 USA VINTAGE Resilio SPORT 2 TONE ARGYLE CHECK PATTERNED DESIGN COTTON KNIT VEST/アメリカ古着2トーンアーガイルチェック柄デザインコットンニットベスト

━━━

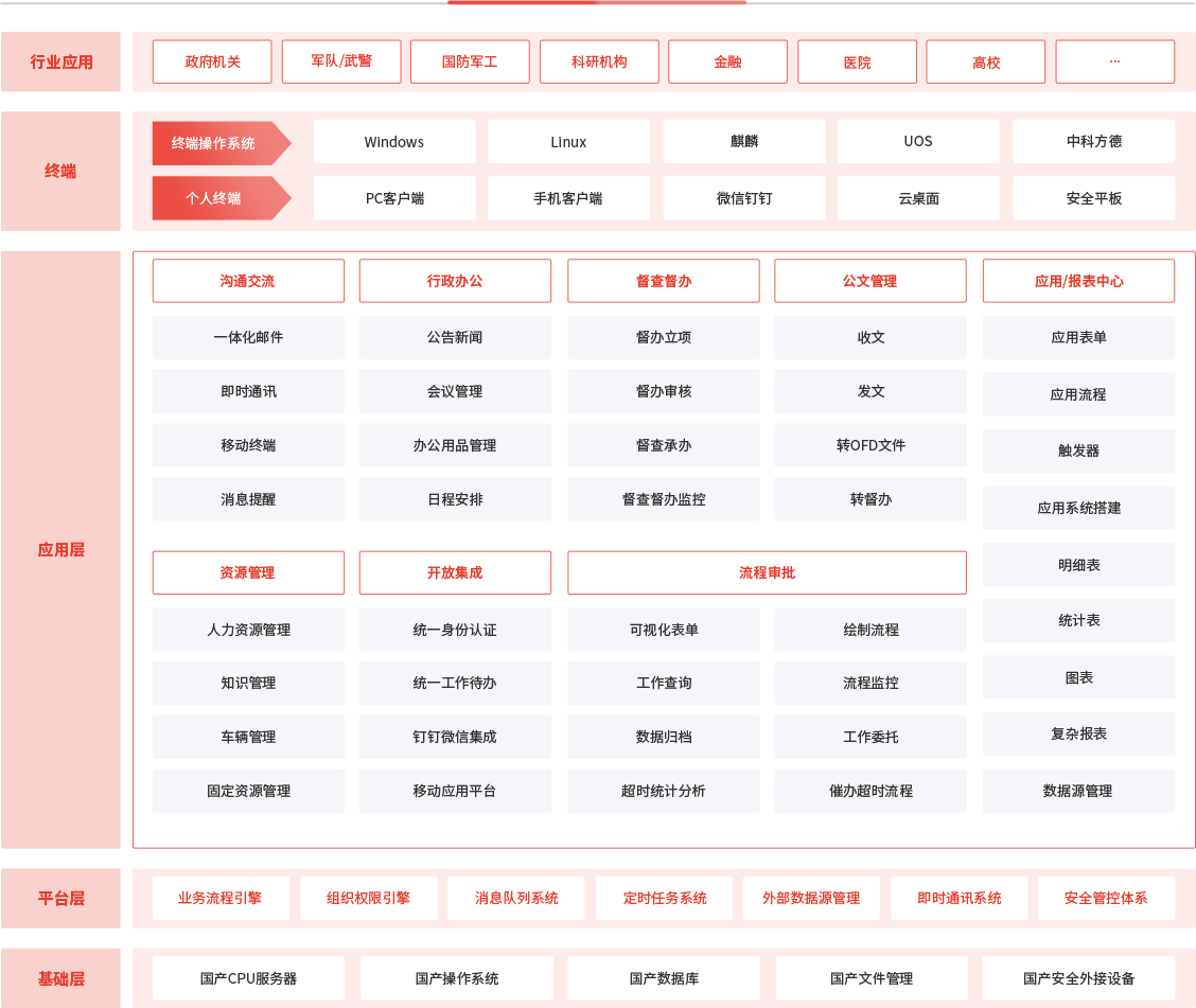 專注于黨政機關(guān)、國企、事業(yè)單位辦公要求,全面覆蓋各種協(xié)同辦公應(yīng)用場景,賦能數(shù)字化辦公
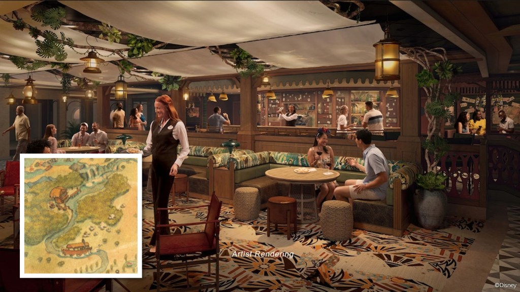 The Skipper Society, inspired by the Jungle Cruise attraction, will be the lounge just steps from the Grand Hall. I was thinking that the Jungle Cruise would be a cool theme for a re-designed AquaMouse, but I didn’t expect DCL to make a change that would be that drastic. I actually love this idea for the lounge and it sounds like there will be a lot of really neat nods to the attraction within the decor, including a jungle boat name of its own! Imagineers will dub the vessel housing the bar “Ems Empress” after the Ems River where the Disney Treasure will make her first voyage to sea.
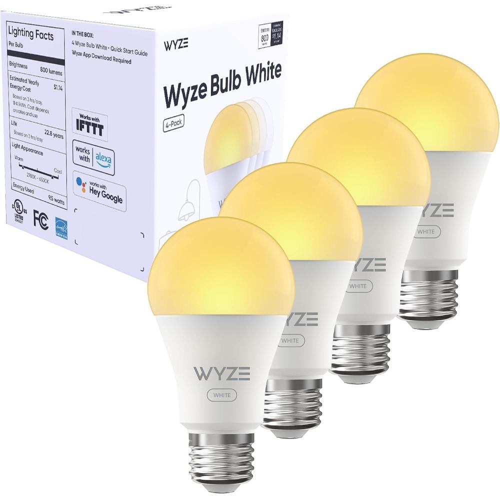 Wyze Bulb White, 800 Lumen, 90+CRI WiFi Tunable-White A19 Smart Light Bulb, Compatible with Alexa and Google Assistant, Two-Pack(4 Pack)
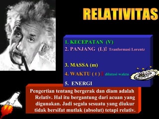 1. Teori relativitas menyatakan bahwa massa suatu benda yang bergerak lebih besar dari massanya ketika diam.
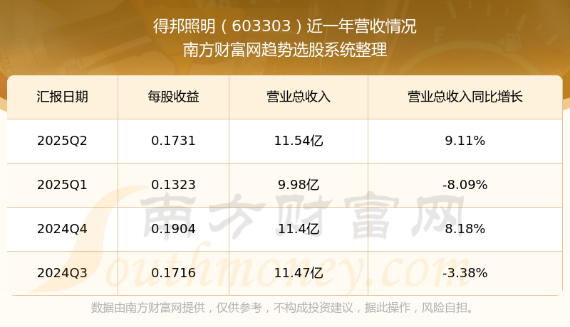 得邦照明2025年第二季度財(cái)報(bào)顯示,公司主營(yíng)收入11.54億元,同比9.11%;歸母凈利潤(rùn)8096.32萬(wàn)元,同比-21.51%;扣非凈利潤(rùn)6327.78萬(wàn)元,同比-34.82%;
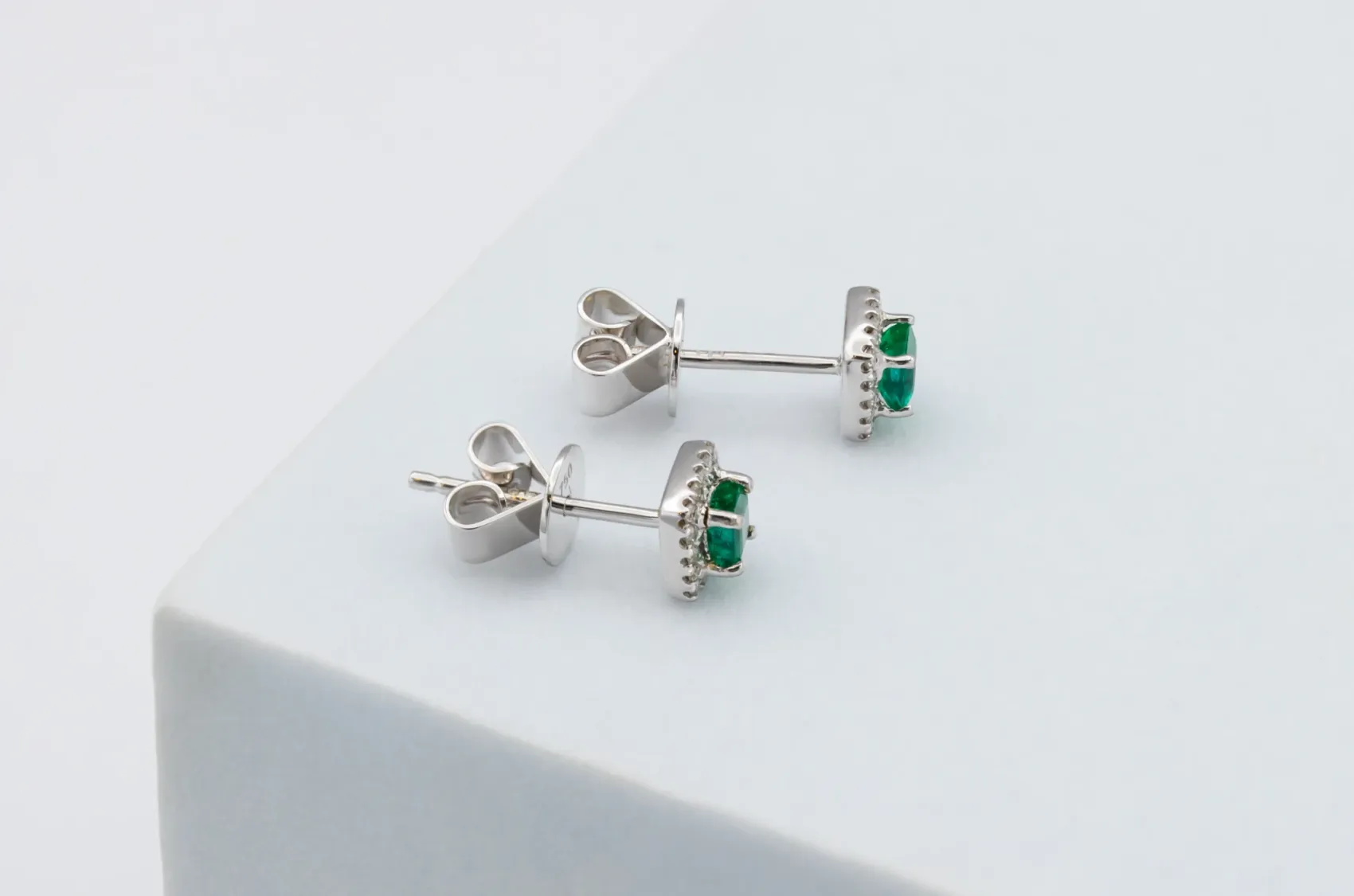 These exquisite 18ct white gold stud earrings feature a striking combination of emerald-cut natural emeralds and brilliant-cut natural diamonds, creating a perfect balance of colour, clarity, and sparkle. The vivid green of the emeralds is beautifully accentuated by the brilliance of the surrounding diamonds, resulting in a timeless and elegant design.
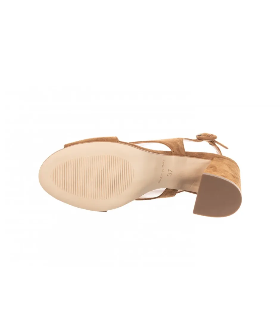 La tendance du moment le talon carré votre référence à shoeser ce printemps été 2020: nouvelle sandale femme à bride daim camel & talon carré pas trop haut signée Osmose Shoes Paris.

━━━

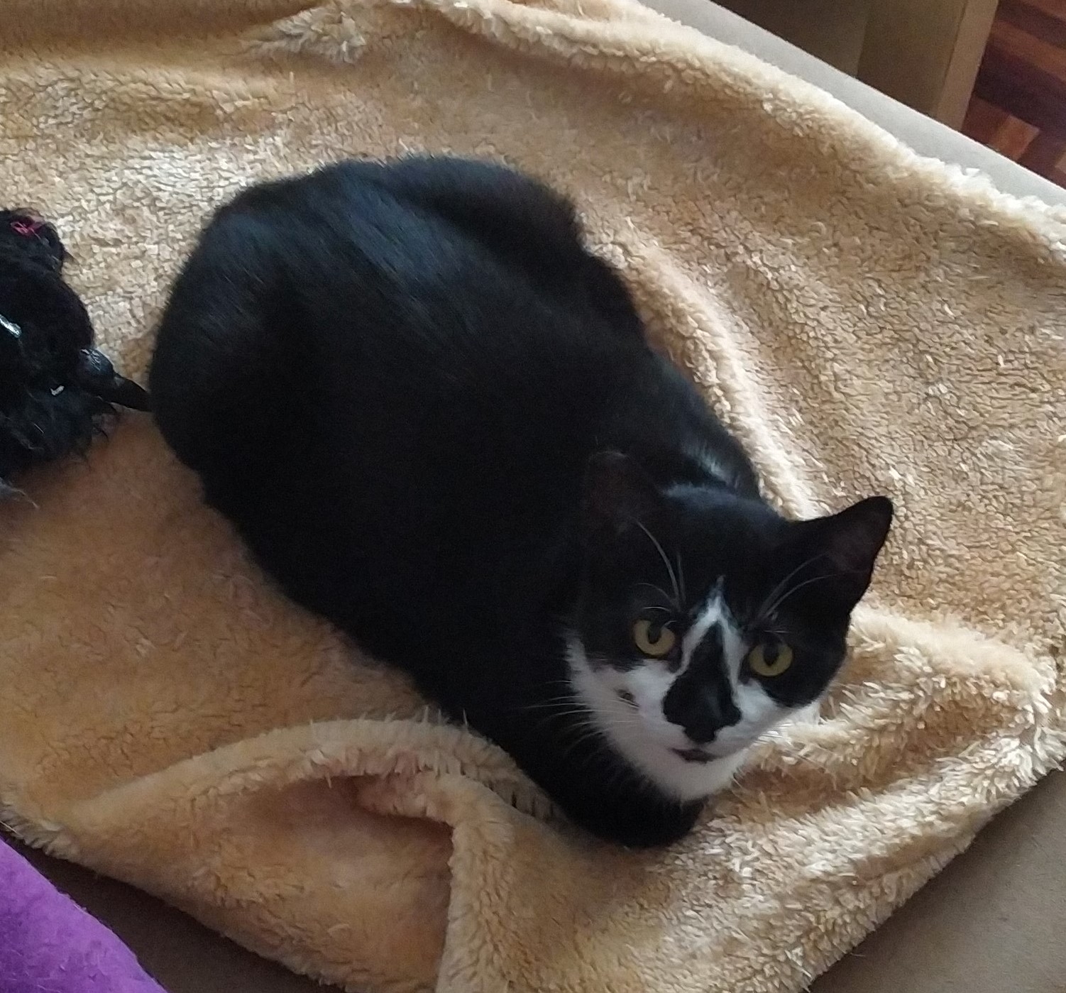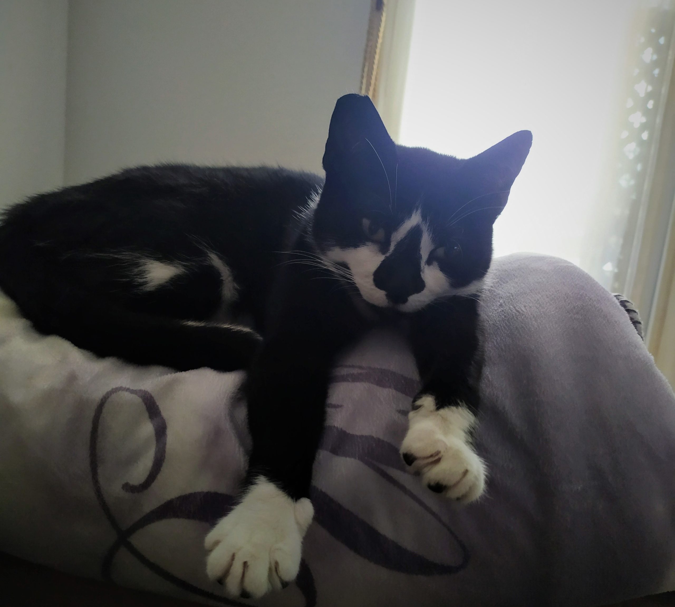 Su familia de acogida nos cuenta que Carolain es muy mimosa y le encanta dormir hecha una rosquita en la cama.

━━━

[What the exercise asks]
Beginning at the line that has "The Skipper Society, inspired" and ending at the line that has "La tendance du", restate the listing above word for word, pictures left out.

[Result for this exercise]
 The Skipper Society, inspired by the Jungle Cruise attraction, will be the lounge just steps from the Grand Hall. I was thinking that the Jungle Cruise would be a cool theme for a re-designed AquaMouse, but I didn’t expect DCL to make a change that would be that drastic. I actually love this idea for the lounge and it sounds like there will be a lot of really neat nods to the attraction within the decor, including a jungle boat name of its own! Imagineers will dub the vessel housing the bar “Ems Empress” after the Ems River where the Disney Treasure will make her first voyage to sea.
 Wyze Bulb White, 800 Lumen, 90+CRI WiFi Tunable-White A19 Smart Light Bulb, Compatible with Alexa and Google Assistant, Two-Pack(4 Pack)
 1. Teori relativitas menyatakan bahwa massa suatu benda yang bergerak lebih besar dari massanya ketika diam.
 得邦照明2025年第二季度財(cái)報(bào)顯示,公司主營(yíng)收入11.54億元,同比9.11%;歸母凈利潤(rùn)8096.32萬(wàn)元,同比-21.51%;扣非凈利潤(rùn)6327.78萬(wàn)元,同比-34.82%;
 These exquisite 18ct white gold stud earrings feature a striking combination of emerald-cut natural emeralds and brilliant-cut natural diamonds, creating a perfect balance of colour, clarity, and sparkle. The vivid green of the emeralds is beautifully accentuated by the brilliance of the surrounding diamonds, resulting in a timeless and elegant design.
 La tendance du moment le talon carré votre référence à shoeser ce printemps été 2020: nouvelle sandale femme à bride daim camel & talon carré pas trop haut signée Osmose Shoes Paris.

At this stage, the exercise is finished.